**Exercise**
Please copy only the material from the line that has "Destornillador dinamométrico de" to the very last line, both ends included, exactly as written and without pictures.

──────── Records

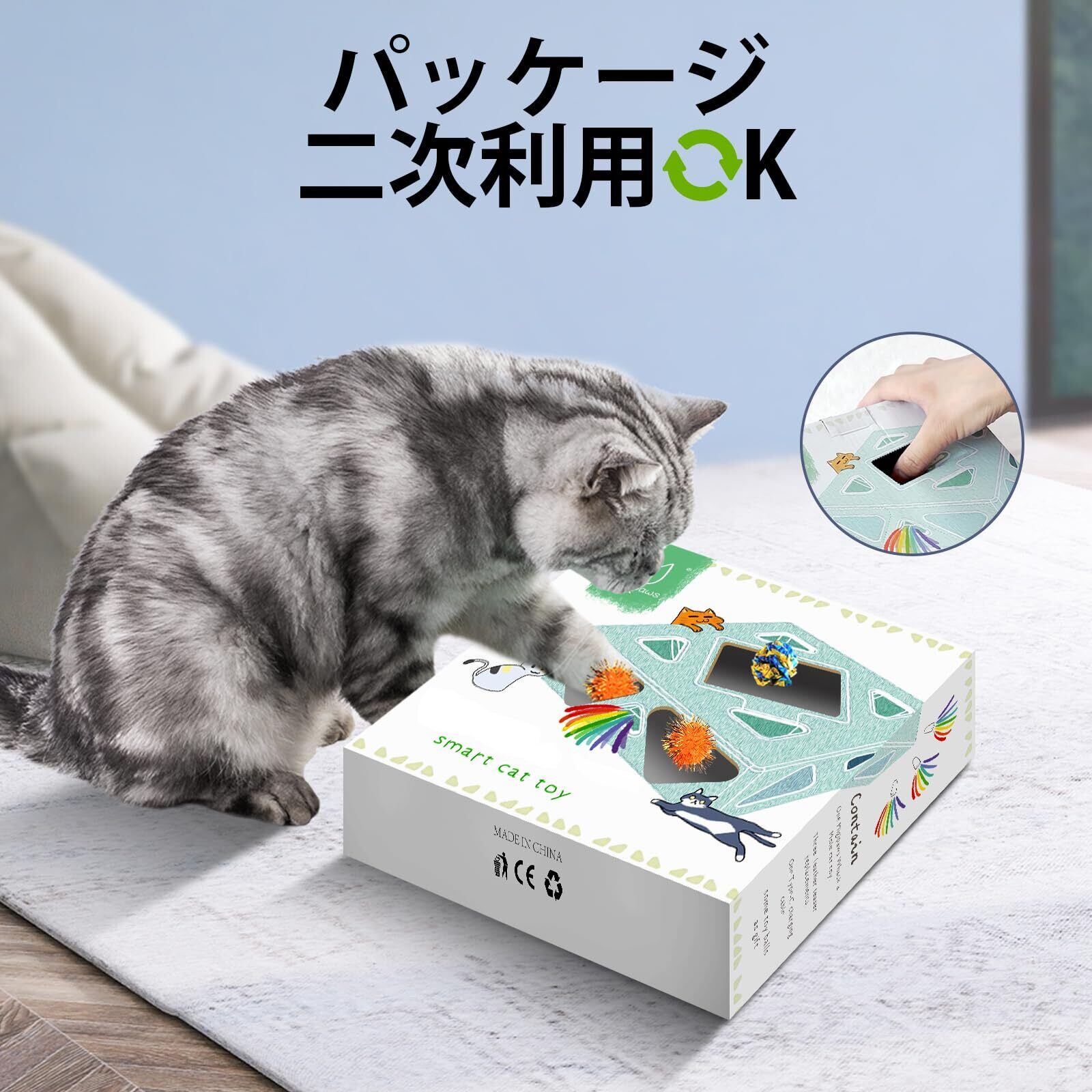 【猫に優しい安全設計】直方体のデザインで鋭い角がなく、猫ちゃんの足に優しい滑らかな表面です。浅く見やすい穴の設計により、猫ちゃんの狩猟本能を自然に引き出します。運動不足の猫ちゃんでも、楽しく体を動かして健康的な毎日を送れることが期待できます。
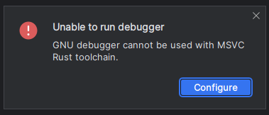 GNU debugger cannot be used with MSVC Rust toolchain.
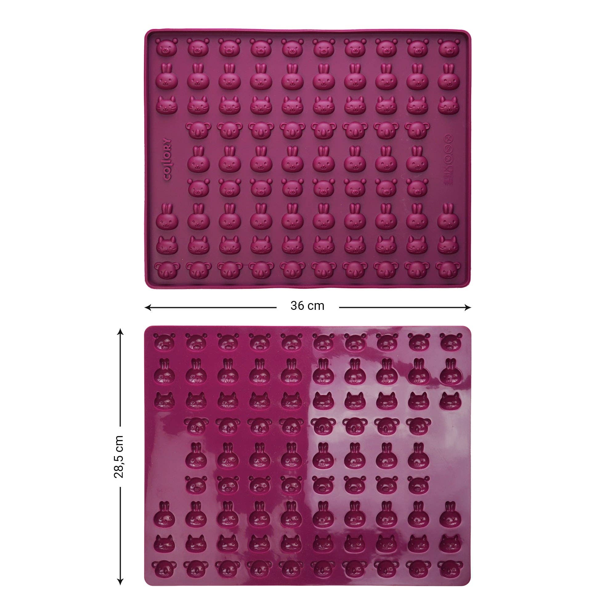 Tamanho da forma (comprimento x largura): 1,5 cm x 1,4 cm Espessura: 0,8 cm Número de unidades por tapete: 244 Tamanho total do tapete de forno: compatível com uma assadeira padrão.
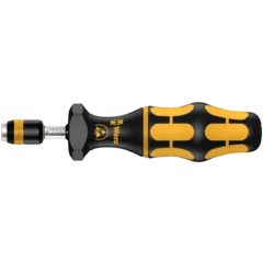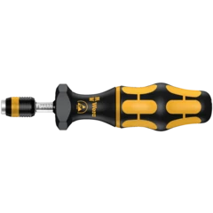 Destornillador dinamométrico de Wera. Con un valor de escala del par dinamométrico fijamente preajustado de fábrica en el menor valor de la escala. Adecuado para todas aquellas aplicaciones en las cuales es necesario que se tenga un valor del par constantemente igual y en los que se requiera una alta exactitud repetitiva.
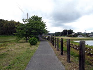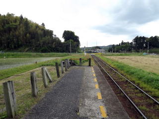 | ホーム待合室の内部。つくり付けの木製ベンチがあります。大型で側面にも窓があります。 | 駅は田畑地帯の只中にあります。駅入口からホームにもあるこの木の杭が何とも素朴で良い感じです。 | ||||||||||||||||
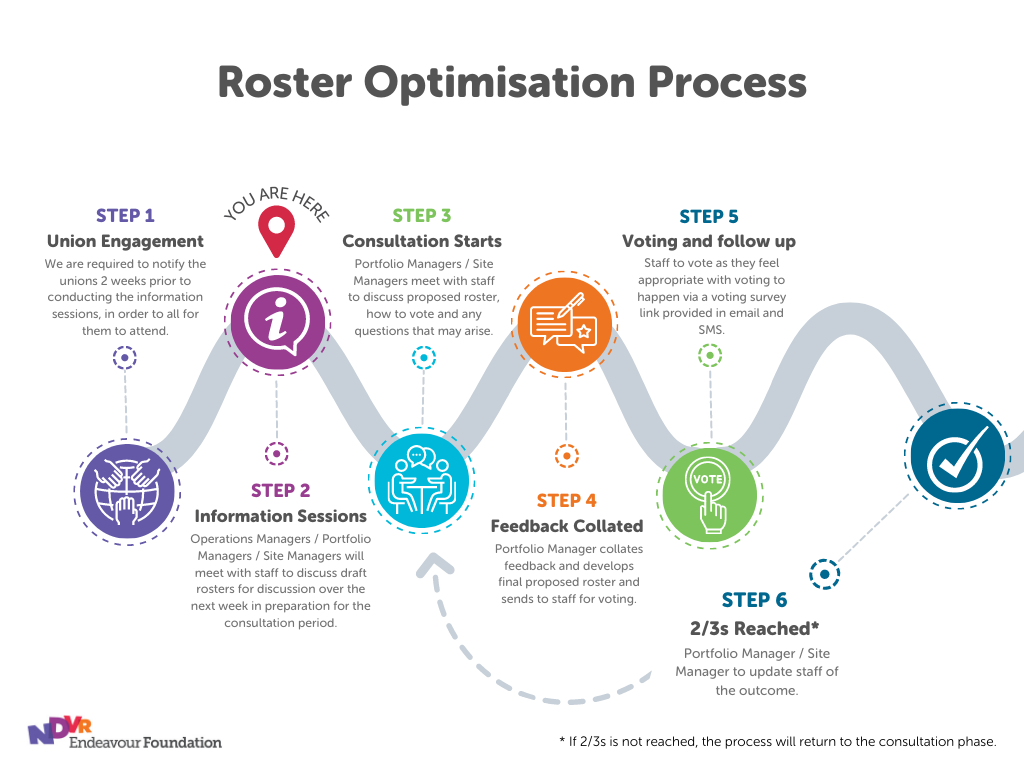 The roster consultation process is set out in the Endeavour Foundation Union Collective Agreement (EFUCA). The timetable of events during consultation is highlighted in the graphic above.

────────────────

**Reply to the exercise**
 Destornillador dinamométrico de Wera. Con un valor de escala del par dinamométrico fijamente preajustado de fábrica en el menor valor de la escala. Adecuado para todas aquellas aplicaciones en las cuales es necesario que se tenga un valor del par constantemente igual y en los que se requiera una alta exactitud repetitiva.
 | ホーム待合室の内部。つくり付けの木製ベンチがあります。大型で側面にも窓があります。 | 駅は田畑地帯の只中にあります。駅入口からホームにもあるこの木の杭が何とも素朴で良い感じです。 | ||||||||||||||||
 The roster consultation process is set out in the Endeavour Foundation Union Collective Agreement (EFUCA). The timetable of events during consultation is highlighted in the graphic above.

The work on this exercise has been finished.